The critical question is what is to be done? The response to this lies at multiple levels, of which the future application of the Comprehensive Test Ban Treaty to non-ratification states is one.

Here the central issue is the state of strategic trust between China and the United States. This "trust deficit" is a continuing feature of Chinese official commentary about the China-US relationship in general, focusing on Chinese concerns about a concerted strategy of "containment" of China in Asia on the part of the United States and its allies. Meanwhile, the continuing American complaints are about the absence of transparency of Chinese military budgets, China's posture in the East and South China Seas and broader Chinese strategic intentions in Asia. In fact, political distrust between the two is now at a higher level than has been seen for some decades, although ironically military-to-military contacts continue to be maintained, and in some areas even expanded.

In June 2013 Presidents Obama and Xi Jinping met at Sunnylands in California for their first ever "working-level" summit. This was intended to achieve agreement on what President Xi had advanced as "a new type of great power relationship," expressly designed, at least at a conceptual level, as a means of avoiding conflict or war between an emerging great power (i.e. China) and the established great Power (i.e. the United States). Some progress was achieved at that summit, particularly at the level of expanded mil-to-mil engagement which until that time had been thin. Progress on other levels has however been fitful.

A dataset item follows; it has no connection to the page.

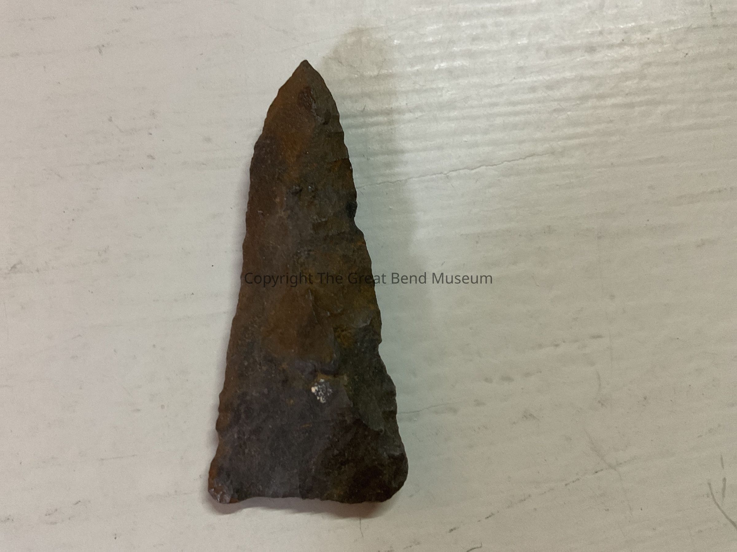 Long slender almost black point. Basal edge is straight. Shaped as an Isosceles triangle. Sides are serrated from resharpening. Blade is thickest in midsection.Acquisition

A second working level summit is due this November in Beijing on the back of the APEC Summit being hosted by the Chinese. While the agenda has not been agreed, it will be critical for both sides to make some progress on reducing the strategic trust deficit. One area for potential progress could be the future ratification of the CTBT. At present there is something of a Mexican stand-off between the two, whereby each is effectively saying to the other: "you go first please." The Chinese are particularly concerned that even if they agreed with the US Administration on a conjoint ratification, the US Senate would then refuse to support any such agreement. Despite these formidable difficulties, an agreement on simultaneous ratification (whereby Chinese ratification would come into force as of the date of US final ratification) would represent a major, measurable advance in narrowing the widening strategic trust deficit between them, which of itself becomes increasingly dangerous for the wider region.

Finally, progress on the bilateral nuclear front could also pave the way for greater substantive security policy cooperation on the denuclearization of the Korean Peninsula. China's policy towards the DPRK has hardened considerably since the last North Korean test in February 2013. Chinese policy makers are themselves concerned about the prospect of a nuclear-armed North Korea, in terms of their own security, as well as the implications for South Korean and Japanese responses (not to mention the reaction of the United States). China wants to see a North Korea as a non-nuclear weapons state and therefore, like all other regional states, has a deep interest in North Korean ratification, including with all necessary verification. China does not want to see a further intensification of strategic tensions in North East Asia. Even less does China want to see any further nuclear "breakout" in the region. Both would undermine China's economic development strategy which requires regional strategic stability for decades to come. This is where increased strategic trust between China and the US is crucial too. Any move by China on North Korea on the nuclear question, and more broadly the political and strategic future of the Korean Peninsula would necessitate broader engagement with the United States, taking into account Washington’s own long term future strategic posture on the Peninsula.


The opinions articulated above represent the views of the author(s), and do not necessarily reflect the position of the European Leadership Network or any of its members. The ELN’s aim is to encourage debates that will help develop Europe’s capacity to address the pressing foreign, defence, and security challenges of our time.